By Arif Shah and Jacob Oguntimehin

The Networked Data Lab (NDL), funded by The Health Foundation, is a community of data professionals looking to solve the UK’s most pressing health care challenges since COVID-19. Imperial College Health Partners (ICHP), Imperial College London and the Institute of Global Health Innovation were named as the North West London NDL. This is one of five NDLs around the UK, to carry out data analysis on various topics based on local priorities, which were determined through community engagement and by the Health Foundation. Health care data is often fragmented, making reliable analysis difficult, but in North West London we have access to a depersonalised linked data set, via Discover-NOW, covering a diverse population of over 2.5 million. This has been the platform for our research.

The second topic for analysis was children and young people’s mental health and access to care was impacted by the COVID-19 pandemic. Arif, one of the 20 young people who attended the first public involvement workshop in May 2021, tells us about his experience of being involved and why he then ended up joining the project’s Young Person’s Advisory Group. You can read more about the workshop here.

I saw an advert for the workshop in communications from a youth charity I’m part of. I thought it sounded like an interesting workshop because it was about coming up with priorities for research around young people’s mental health, which could then improve care. I wanted to represent my views as a young person with experience of mental health difficulties and to try to make a difference for other young people going through something similar.

I think it’s so important to involve young people in projects like this – we should have a say in how services, which support us, run.

More young people need mental health support than ever before, and services are struggling with increased demand – something needs to change. Who better to suggest changes than the people who have experienced the services and have ideas about what could make them better. We bring our own experiences and skills that are different to researchers and healthcare professionals. We can help unlock answers to issues that professionals might not have thought about.

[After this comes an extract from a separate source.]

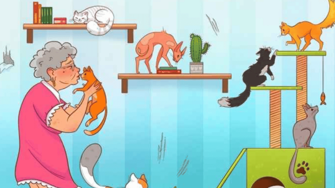 Отже, перед вами малюнок, на якому зображена літня жінка і дев’ять котиків. Жінка тримає на руках милого руденького котика, а всі інші роблять те, що їм заманеться — одні сплять, інші граються, а хтось бешкетує. Але, судячи з посмішки жінки, вона дуже щаслива мати цих котиків.

After the workshop, we were asked if we wanted to apply to be part of the Young Person’s Advisory Group, to oversee the project from a young person perspective, which I was pleased to join. My role was to advocate the views of young people in the work and outputs and to make sense of the data. For example, we were presented the initial findings from the analysis of the data and then suggested areas that we thought would be interesting to explore further. The data analysts presented the different findings in a number of graphs and talked us through the significance of each. One of the findings was around how young women in North West London have been accessing more mental health services since COVID-19 and receiving more diagnosis and treatment than young men. However, when we discussed this in the group, we thought that it didn’t necessarily mean young men were not experiencing as many mental health difficulties as young women, but maybe young men were less likely to seek help. Having us look at the results, helped the analysts see that the results might not be showing the whole picture.

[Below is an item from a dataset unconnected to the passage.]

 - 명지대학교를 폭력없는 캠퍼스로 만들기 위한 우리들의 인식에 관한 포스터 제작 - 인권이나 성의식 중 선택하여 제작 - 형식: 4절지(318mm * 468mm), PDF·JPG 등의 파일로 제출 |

I also reviewed The Health Foundation’s national policy paper to make sure that the results were clear. The paper recommends that three key areas need urgent investigation, to help ensure children and young people universally get the care they need. These are, understanding:

  • The rapid increases in mental health prescribing and support provided by GPs
  • The prevalence of mental health problems among adolescent girls and young women
  • The stark socioeconomic inequalities across the UK

One key thing that stood out to me was the increase in prescribing medication to treat young people, that didn’t match an increase in other kinds of treatment. I think we need to understand why this is happening. To me, this suggests there are limited options for GPs to progress mental health support in other ways.

Being part of this project, I’ve learned that implementing effective improvements is a long process and it cannot happen instantly.

It takes time and resource. But I can’t wait to see the impact the results of the NDL will have on services and young people. I think the YPAG could help with ensuring the results are implemented, by meeting with some of the leaders, to help ensure they act on change. Having a young person at the table helps to add a face to the people who have been experiencing worsened mental health since COVID-19 and difficulty accessing services. We could share the results with our networks and empower young people to advocate to decision-makers about what needs to change, to urgently tackle this mental health crisis.

I would definitely recommend that young people get involved in projects like this. Not only can you gain valuable professional experience, but you can get involved in improving problems that might otherwise be overlooked. The amount of time we had to dedicate was manageable around my work commitments. And, I liked that there were Mental Health First Aiders as part of the team, in case any of us wanted to have a debrief after a meeting.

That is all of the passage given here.